Look below for the lines from the one with "OAKS 6203/3 AC" to the one with "EUC 215_Fleti, iliyozungukwa", and copy exactly those lines, both ends included.

#### [The records]
-------
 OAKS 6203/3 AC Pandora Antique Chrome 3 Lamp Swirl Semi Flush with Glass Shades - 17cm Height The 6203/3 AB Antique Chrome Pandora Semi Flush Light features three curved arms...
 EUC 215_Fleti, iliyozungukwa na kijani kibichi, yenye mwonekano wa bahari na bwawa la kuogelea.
-------
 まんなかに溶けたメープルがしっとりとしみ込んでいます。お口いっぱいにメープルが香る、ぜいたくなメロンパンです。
-------
#### [Answer area]
 OAKS 6203/3 AC Pandora Antique Chrome 3 Lamp Swirl Semi Flush with Glass Shades - 17cm Height The 6203/3 AB Antique Chrome Pandora Semi Flush Light features three curved arms...
 EUC 215_Fleti, iliyozungukwa na kijani kibichi, yenye mwonekano wa bahari na bwawa la kuogelea.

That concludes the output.